I removed the targets on all of mine and replaced them with the pennsy targets and sensors from Z-Stuff. A little small but with the ten foot rule they look great and visitors are amazed when they see them work. I mounted the sensor looking down in overhead frame work and connected to the next signal then to the next signal etc and etc. I use QSI and Airwire with the track powered at a constant 18v so they are hook directly to the track for power. When not in use I just place a cheap small plastic trash can over the bridge and after 3 years not one failure. I also use their semiphores the same way and to make them taller I cast a box the same as the one on the base and just double them up for added height. These actually move and are connected in series as the bridges are above. To connect them I use telephone quad wire that is used for buried applications. N-Stuff is in the proccess of re-designing them for 1/29. Jack


----------



## Torby (Jan 2, 2008)

That sounds pretty cool.


----------



## bdp3wsy (Mar 14, 2008)

Torby the hardest part is cutting open the tube to remove the wires without cutting them. Once done the retro fit takes about 15 min. Jake


----------



## lownote (Jan 3, 2008)

I bought one of those a while back and it looks great on the RR but I didn't bother with the lights--I would want to run them off the track and would want to replace the incandescents with leds, and it looked to be too hard to do. Maybe I'll pick up another one and try it.

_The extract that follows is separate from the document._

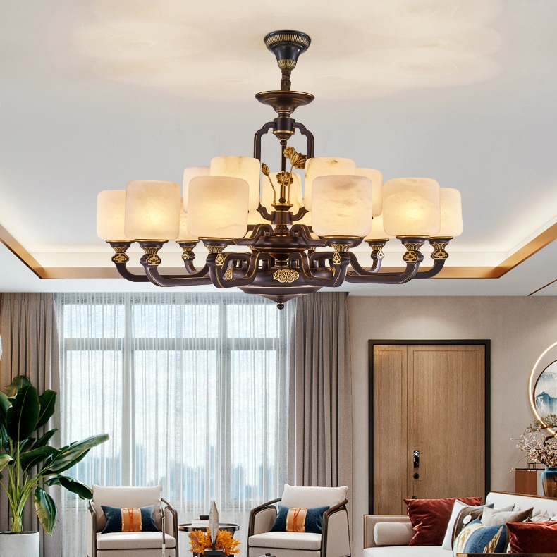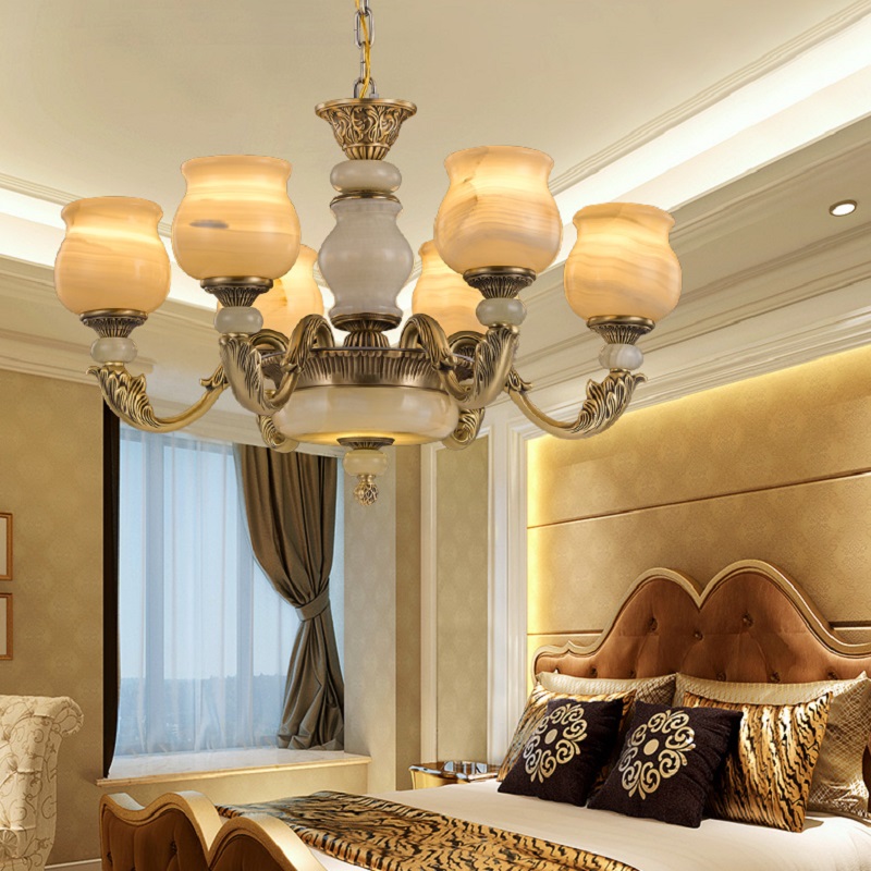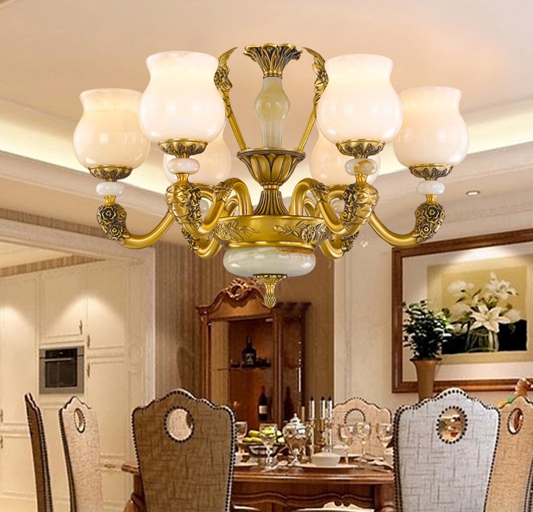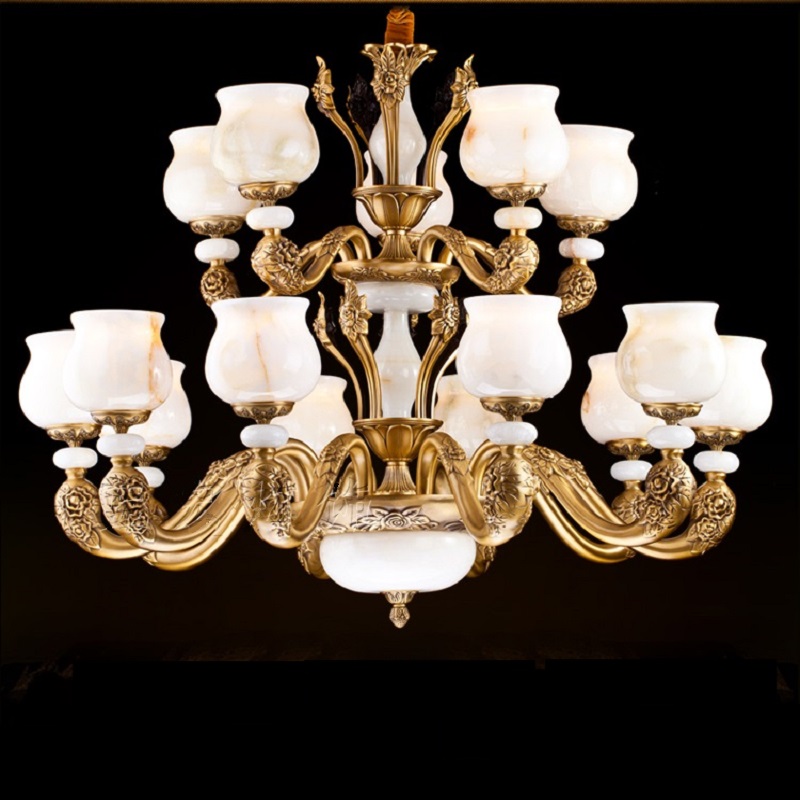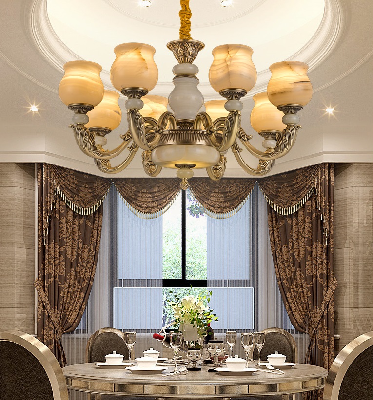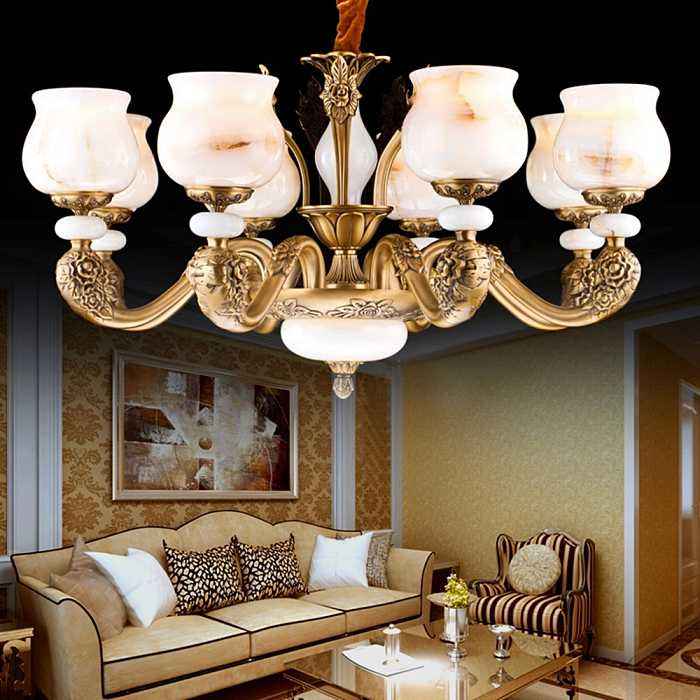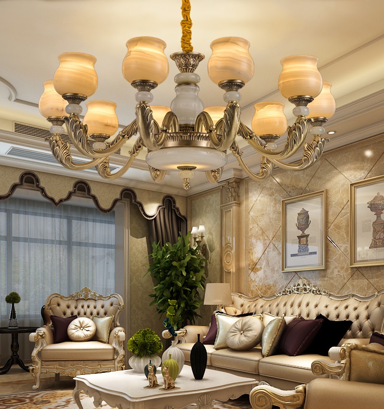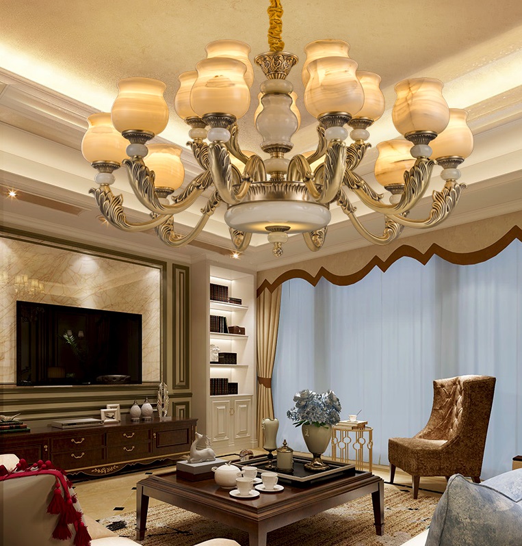 宝云灯饰全铜云石玉石灯由全铜灯体和西班牙进口天然云石灯罩或者进口天然玉石灯罩构成,是目前市面上最高档的灯具,广泛应用于自建房、别墅、商品房、酒店、会所、办公楼、书院、影剧院等装饰。

I just read over Ted's vignette and I think I was mislead by Aristo's instructions, which specified AC. I assumed they were incandescents but they may have been LEDS. Hmmm


----------



## Torby (Jan 2, 2008)

I gave mine away. Since closing the shop it rode in the rear window of my car till somebody said, "I should get one of those." I gave it to him. It was cool over "Malfunction Junction."


----------